Archive for the ‘Faux Painting’ Category

Practical Paint-Based Faux Finishes

Monday, November 30th, 2009

If you have the luxury of time and a huge budget, it’s better to have genuine surface materials. However, if you’re a little low on cash or can’t wait for a time-tempered natural finish to occur (antiquing, for example), take heart, a little cheating won’t hurt. Faux finishes are almost as good as the real thing!

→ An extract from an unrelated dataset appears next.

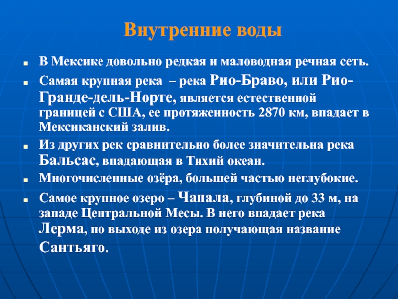 Из других рек сравнительно более значительна река Бальсас, впадающая в Тихий океан.

Don’t know where to start? Check out these paint-based faux finishes below.

Antiquing and Verdigris

Antiquing and Verdigris1
This mimics the patina that metals acquire over time. The natural greenish-bluish tones of verdigris can be duplicated when a piece of metal or plastic is exposed to heat and combined with acids. The trick is to apply the layers in uneven arbitrary patches for a more natural look.

Marbling

faux marbling

This age-old classic finish emulates various natural marble veins, including carrara marbling which involves dipping a thin brush in black gaze and sweeping a softening brush in light, random strokes to create the characteristic marble pattern. Serpentine marbling, on the other hand, is achieved by rubbing oil paint on a surface using a tissue paper.

Faux Bois (Fake Wood)

Faux Bois
The subtle grains and lines of wood furniture or surface can be easily recreated. If done well, you can even replicate the book matching veins and knots of expensive wood veneers.

Paint Spattering

Spatter
This easy and popular finish employs tiny paint dots in a variety of colors for a rich yet effortless-looking surface accent on walls. The “spattering” effect is achieved by thumping a loaded paintbrush (or old toothbrush against a screen for small surfaces) against a stick to spatter it in different directions.